005: Engaging Display Boards

I usually only write one post a weekend in order to keep myself from becoming too overwhelmed.  However, as I was working on my paper for school (teachers should always be striving to increase their knowledge), I came across a reoccurring element – Functional and engaging display boards.

One thing in a classroom that almost anyone can recall from their school days are the mass amount of display boards, but I’m guessing many people cannot remember what those display boards actually, well, displayed.  As a teacher, I found in the beginning that putting together a display board was one of my weakest areas.  Note, I said putting together a display board, not creating an impressive visual.  My display boards in the past were mediocre at best.  This was because I didn’t find purpose in them.  Sure, students love a new display, and whatever you have created may inspire them initially, but the moment is usually short lived.  This has been the case in my experience, and from what I’ve observed from many colleagues.

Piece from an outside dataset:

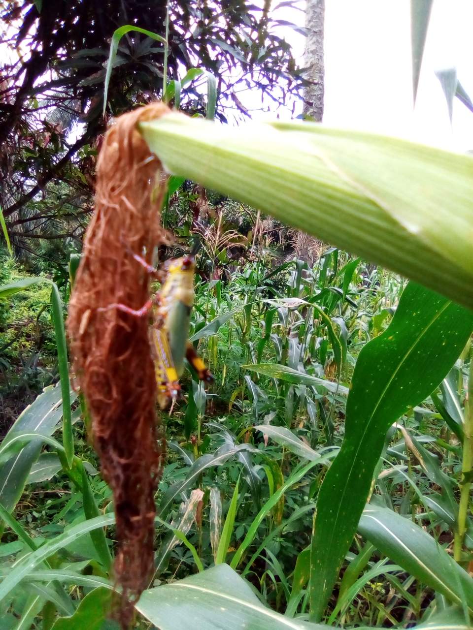 Dear steemian, mazing sharp camera phone to snap photo of grasshopper on maize at my farm Land, welcome to my blog, during am visited my farm am saw grasshopper on maize to stand up I just take my phone to snap it , the insect of grasshopper are below

Sure, students love a new display, and whatever you have created may inspire them initially, but the moment is usually short lived.

However, the display board is not something that will go away soon, and every teacher will be expected to create them throughout the year.  So, if this is the case, then I feel we need to address two important questions:

  • How can we make a display that does not take a lot of time?
  • How can we make a display that engages the students throughout each term?

It has taken some time for me to answer this, and I’m still exploring the theory of display boards, but the following are 3 steps which I have found helpful to relieve my planning time, engage students, and to ensure they do not become “display board blind”.

Step 1 – What Must My Students Achieve?

The first step is to think critically about what your students must achieve by the end of the term, or half-term.  What is the topic?  What specifically should they know by the end of the topic?  Are there any surprise elements that students might struggle with, such as tricky vocabulary?  It’s important to understand where your students must be at the end of a unit, and what they’ll need to get there.

Step 2 – Apply Learning of Targets to Displays

Now that you’ve considered targets, and tricky parts students may need support with, how can students display their new knowledge?  This is key, so let me repeat myself – how can STUDENTS display their new knowledge?  This can be as simple as a KWL Board (What students Know, Want to know, and Learned), or as complicated as a research project that they build upon throughout the unit of study.

Essentially, your students are going to build the content for your display boards.  You just need to create the medium for them to do this.

Step 3 – Create the Display Board Structure

Now that you have addressed the first two points, create your display board structure.  I suggest backing your board, adding the appropriate boarder, creating a title for the display, and providing any relevant resources.  Once you’ve done this, take time to explain the purpose and structure of the board to your class.  After that, let them build it!

To help illustrate this structure, here is what I’ve recently done:

  • My students are learning about Brazil this term.  After a brief survey of the class, I found many of my kiddos know quite a bit about Brazil already, so I wanted to push their understanding of the topic.
  • I created a ‘Twitter’ display board.  Here, the students work to find facts they didn’t already know, whether through the lessons, or outside of class time.
  • They take a sheet of pre-cut paper, and a marker I provided, to write their own “Tweet” about the new fact.  For fun, the students then get to write a unique hashtag below their fact.
  • If the fact meets the objective of the board, then I put it up.
All About Brazil ‘Twitter’ Display Board

The display may be bare bones at first, but it quickly fills up.  It’s been 3 weeks into the Spring term and my students are still talking about new facts they have found.  They’ve even begun sharing good resources from which they found their facts.

The ‘Twitter’ display board only took me 10 minutes to put up, and it’s not at all an amazing visual, but it is growing quickly by the involvement of my students.  They are building the board, and they are learning while they do it.  What’s more, my display has been praised by my Head Teacher even though it’s far from eye-catching, especially compared to many of my colleagues’ amazing boards.  He noted that it may not be fancy, but the students love it and are truly demonstrating their learning in a unique way.

If you enjoy putting up colourful, and fun displays, then don’t let me keep you.  Keep being your amazing self.  However, if you’re like me and find yourself short on time, don’t waste energy trying achieve some type of wow-factor.  Create a display that engages your students, but leaves you time to focus on what matters, their overall achievement in school and in life.